Now you are suppose to check if there are more numbers with this property. That is, double a given number with k digits, you are to tell if the resulting number consists of only a permutation of the digits in the original number.
Input Specification:
Each input contains one test case. Each case contains one positive integer with no more than 20 digits.
Output Specification:
For each test case, first print in a line “Yes” if doubling the input number gives a number that consists of only a permutation of the digits in the original number, or “No” if not.
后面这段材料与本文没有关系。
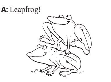
© 2020 Resources for Educators, a division of CCH Incorporated
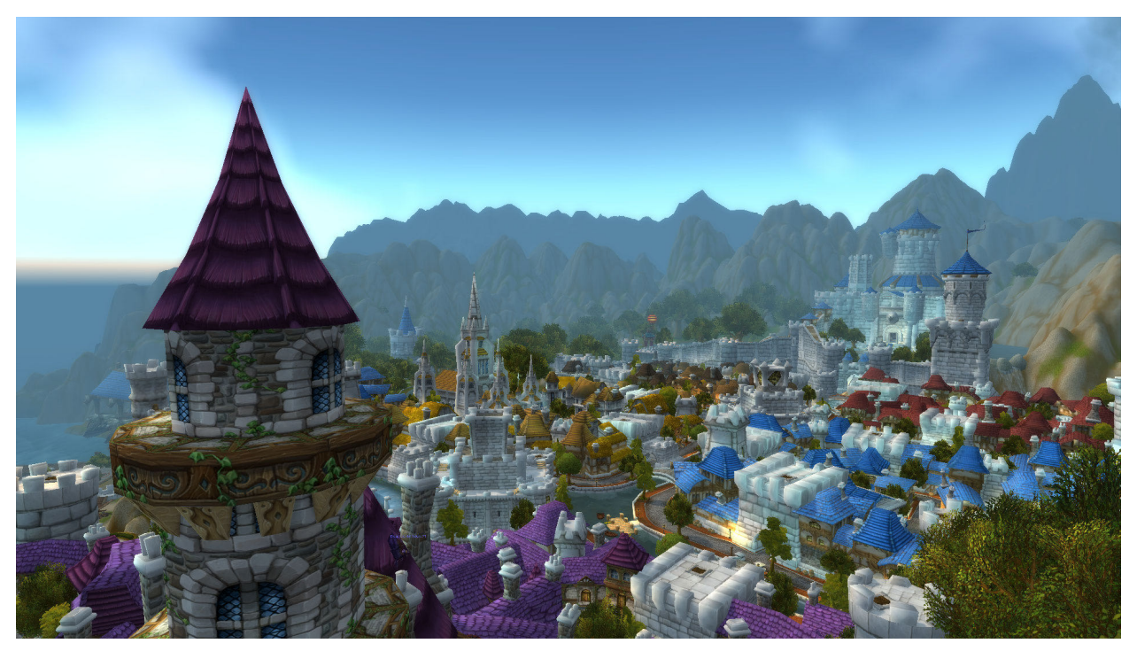
Figure 4: An aerial view of Stormwind. Founded by humans. this is the capital city of the Alliance faction within WoW.
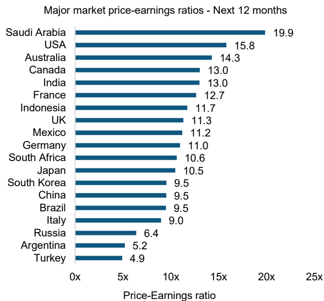
Source: Chart 1 – IBES consensus, in local currency. Correct as at 5 April 2020.

Quarterly Report will be available online in April.
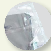
Presentation in individual bags
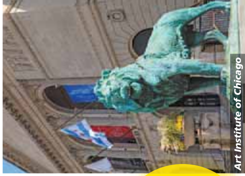
Art Institute of Chicago

Then in the next line, print the doubled number.
Sample Input:
1234567899
Sample Output:
Yes
2469135798
题目解读:
大概意思即:给你一个数,观察其2倍是否为原先各位数字的新的排列组合。(此处隐含一个条件,即新的数字与原有数字位数相同)
解题思路:
由于输入数字可达20位,int型不再合适,并且要统计各位数字,比较是否为排列组合,我们选择char数组,直接将各位数字分开
答案:
#include<stdio.h>
#include<string.h>
#define maxsize 25//设置数组长度并留出余量
int test(int part1[],int part2[]);//声明比较函数
void divide(char num[],int part[]);//声明统计函数
int multi(char num[]);//声明乘法函数
int main()
{
char num[maxsize];
int part1[10]={0},part2[10]={0};//两个数组分别用来统计新旧两个数0-9十个数字的出现次数
scanf("%s",num);
divide(num,part1);//对原数据分割统计
if(!multi(num))//计算新数据,并比较位数(比较过程在乘法函数内)
{
return 0;//新旧数字位数不同,不可能为排列组合,强制结束程序
}
divide(num,part2);分割统计新数据
if(test(part1,part2))//以下为输出部分
{
printf("Yes\n");
}
else
{
printf("No\n");
}
printf("%s",num);
return 0;
}
int test(int part1[],int part2[])//比较函数
{
int i;
for(i=0;i<10;i++)
{
if(part1[i]!=part2[i])
{
return 0;//0-9任何一个数字出现次数不同则不是
}
}
return 1;
}
void divide(char num[],int part[])
{
int max=strlen(num);
int i,ind;
for(i=0;i<10;i++)
{
part[i]=0;
}//初始化统计数组
for(i=0;i<max;i++)
{
ind=num[i]-'0';//计算在统计数组中的下标
part[ind]++;
}
}
int multi(char num[])
{
int carry=0,i,max,cont;//初始设进位为0
max=strlen(num);
for(i=max-1;i>=0;i--)
{
cont=num[i]-'0';//由char到int
cont=2*cont+carry;
carry=cont/10;//计算进位
cont=cont%10;//计算该位
num[i]=cont+'0';//由int到char
}
if(carry!=0)//最终进位不为零,说明两数位数不匹配,判错
{
printf("No\n");//按题目要求进行输出
printf("%d",carry);
printf("%s",num);
return 0;//返回错误标记,在主程序中结束进程
}
return 1;
}